The data:

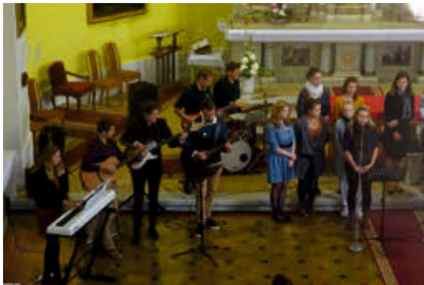
Koncert schol v Litultovicích, spodní obrázek Setkání v Chuchelné.

Chceme poděkovat všem, kteří navštěvují naše koncerty a vystoupení, podporují nás v tom, co děláme, a fandí nám.
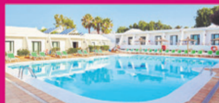
HOTEL THB FLORA*** Puerto del Carmen · Lanzarote
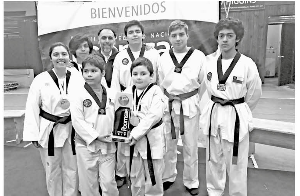
LA DELEGACIÓN ANGELINA se trajo de Temuco 6 medallas de oro y una de bronce.

Problem to work on: Leave the pictures aside and print exactly, and only, the lines from the one with "Chceme poděkovat všem, kteří" through the end of the data, both included.

Result of the exercise:
Chceme poděkovat všem, kteří navštěvují naše koncerty a vystoupení, podporují nás v tom, co děláme, a fandí nám.
HOTEL THB FLORA*** Puerto del Carmen · Lanzarote
LA DELEGACIÓN ANGELINA se trajo de Temuco 6 medallas de oro y una de bronce.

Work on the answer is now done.